The two players who were touted to dominate the 76th edition of the tournament both departed early on Sunday as the battle for the green jacket, which goes to the winner of the Masters, carried on without them.
Woods, a 14-time major champion chasing the all-time record of 18 majors won by Jack Nicklaus, came in with a two-over 74 that left him on five-over 293 for the tournament and set for the worst Masters finish of his professional career.
The 36-year-old American shared 22nd in 2004 for his worst Masters pro showing, his two-over 290 total that year and in 2003 level for his worst 72-hole Augusta pro total. As an amateur he was 41st on 293 in 1995 and missed the 1996 cut.
After snapping a 28-month win drought by capturing the US PGA Arnold Palmer Invitational two weeks ago, Woods has struggled in his quest to win his first major since the 2008 US Open.
McIlroy, a 22-year-old Northern Irish prodigy who won last year’s US Open after squandering a last-day Masters lead, settled for a closing 76 that, by coincidence, brought him level with Woods well down the field on 293.
Woods agreed that his surprising struggles on the course’s four par-5s, where he was only one under for the tournament compared to 15-under in 2010, had been crucial to his 18th Masters campaign.

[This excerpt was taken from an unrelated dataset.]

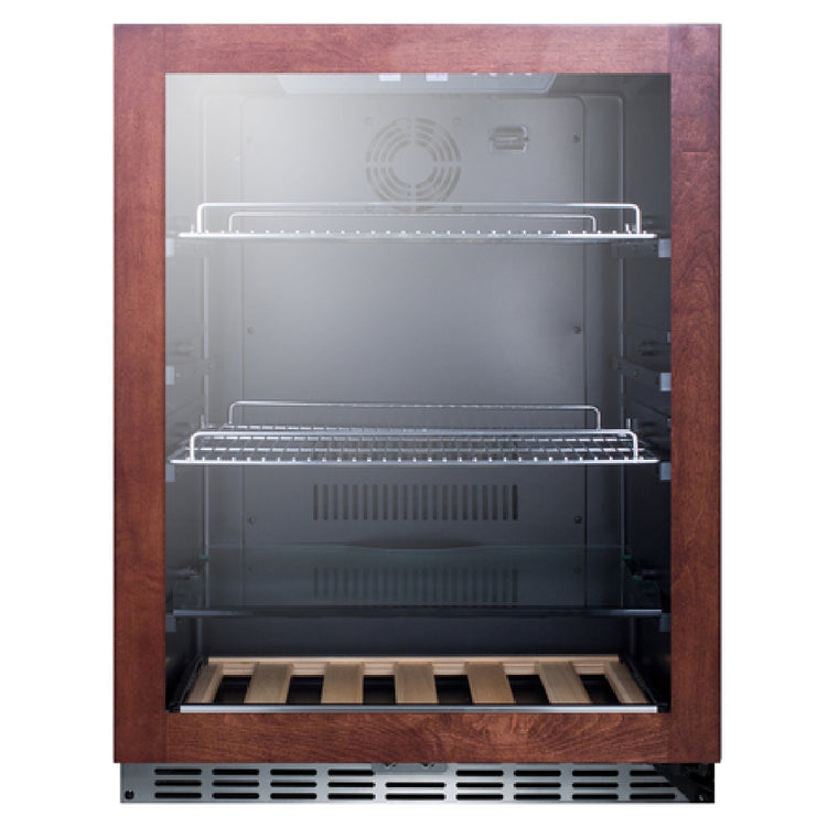 The Summit SCR2466BPNR Beverage Merchandiser is a versatile reach-in, one-section unit designed for both built-in and freestanding use. With a compact width of 23-1/2 inches, it provides a substantial 4.2 cubic feet capacity, accommodating up to six bottles. The merchandiser features a glass hinged panel-ready framed reversible door, complete with a lock for security. For adaptable display options, it includes three adjustable chrome shelves and an additional adjustable glass shelf, which can also accommodate wine bottles, enhancing its versatility for various commercial settings. The slotted floor design and automatic defrost function ensure seamless maintenance and operation. Equipped with a digital thermostat and fan-cooled compressor, this unit maintains precise cooling, supported by R600a Hydrocarbon refrigerant. The exterior is finished in sleek black, and the bottom mount self-contained refrigeration system ensures efficient performance. Additional features include dimmable LED lighting, Sabbath mode, and ETL and ETL-Sanitation (Commercial) certifications, affirming its compliance with industry standards. The Summit SCR2466BPNR Beverage Merchandiser, with its thoughtful design and advanced features, is ideal for diverse market segments, providing reliable and customizable beverage display and storage solutions for commercial environments.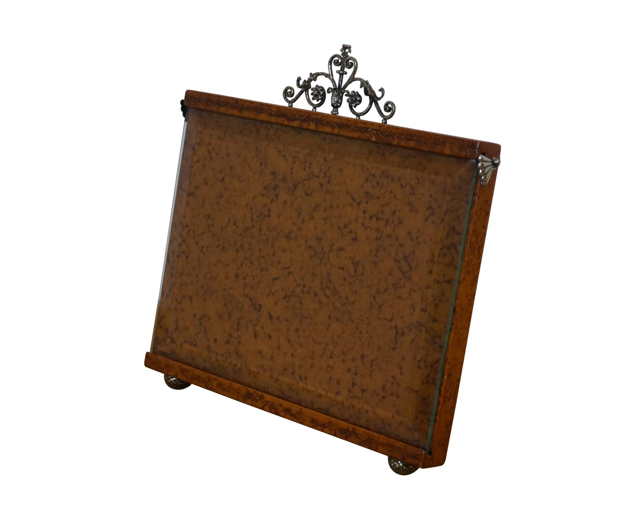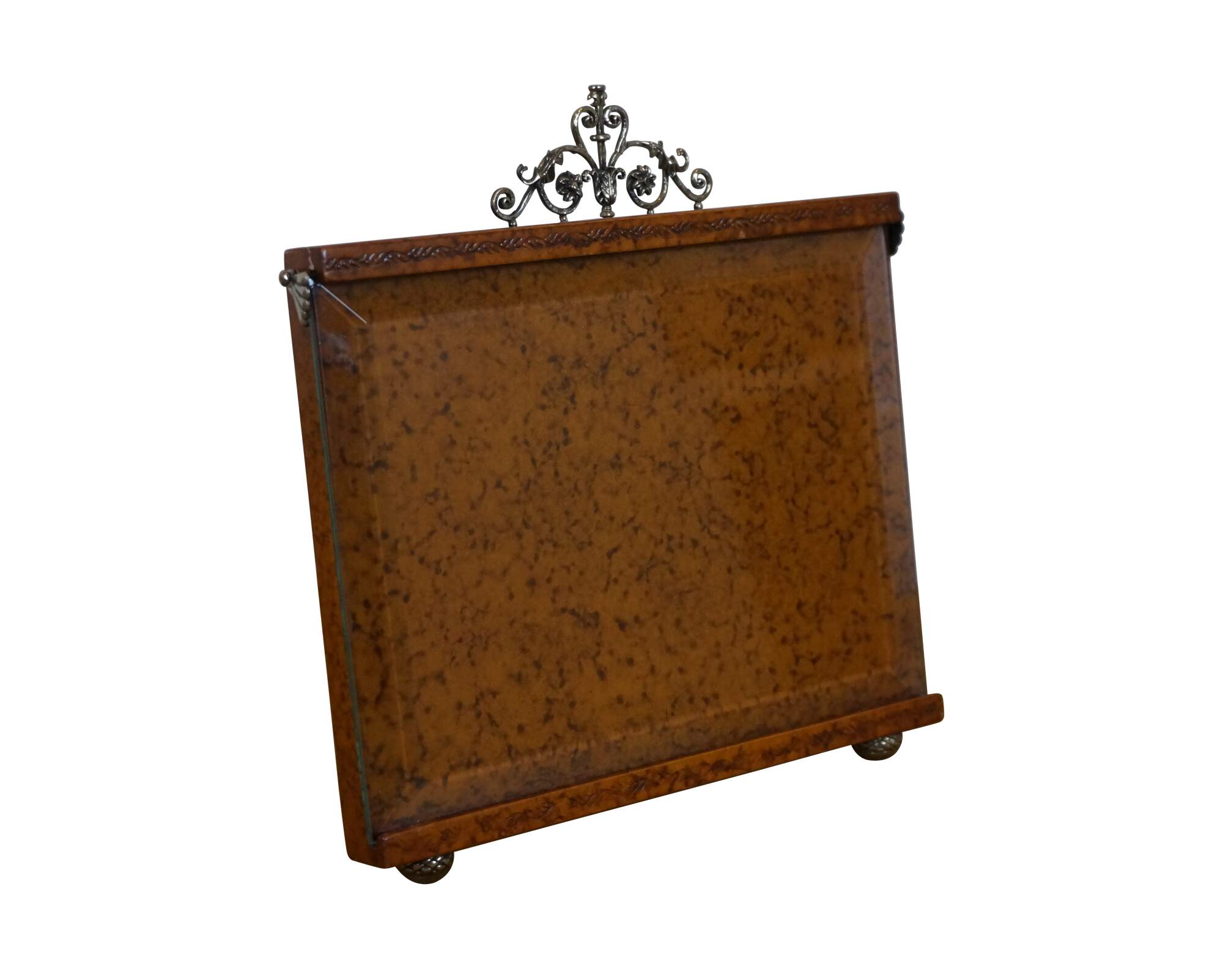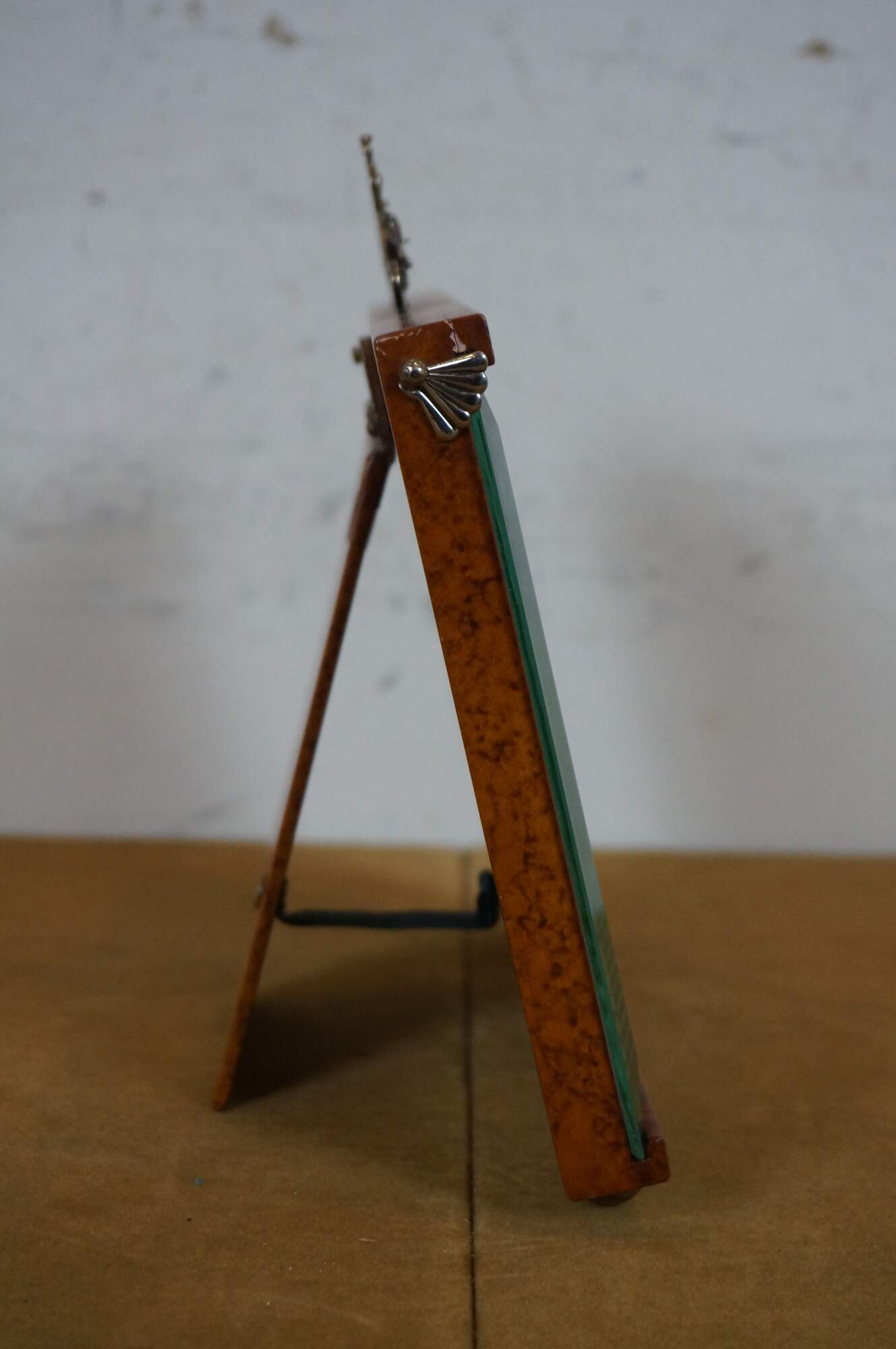 Late 20th century faux burl wood easel-style photo frame by Maitland Smith. Silver plate acorn feet and floral vine crest. Beveled glass front slides seamlessly onto the front of the frame, held in place with swiveling scallops at the corners. Handmade in the Philippines.

“If I look back on the week, I played the par-5s atrociously,” he said. “This is a golf course you just have to dominate the par-5s and I did not do that at all this week.”
Woods has been working with coach Sean Foley on a drastic remodelling of his swing in order to accomodate the leg injuries that laid him low for much of last year.
But despite the triumph at Bay Hill, he feels that he has yet to fully assimilate what he is being asked to do.
“I get out there and I just don’t trust it at all,” he said. “I fall back into the same old patterns again, and I just need to do more reps (repititions). Thank God my short game was good this week and my putting was really good.”
“You’re not going to play well every week. Unfortunately it was this week for me.
“I had the wrong ball striking week at the wrong time. You know, just got to keep building, keep working and keep progressing.”
McIlroy, who will now turn his attentions to successfully defending the US Open crown he won so convincingly at Congressional Country Club in Washington last year, said that it had been “a disappointing weekend, just one of those things.”
“I played pretty well over the first couple days and then just came out on Saturday and really just didn’t have it that front nine, and that sort of killed me for the rest of the tournament.
“But I’ll come back next year and try my best again.
“Just got to go out to San Francisco and try to get another major.”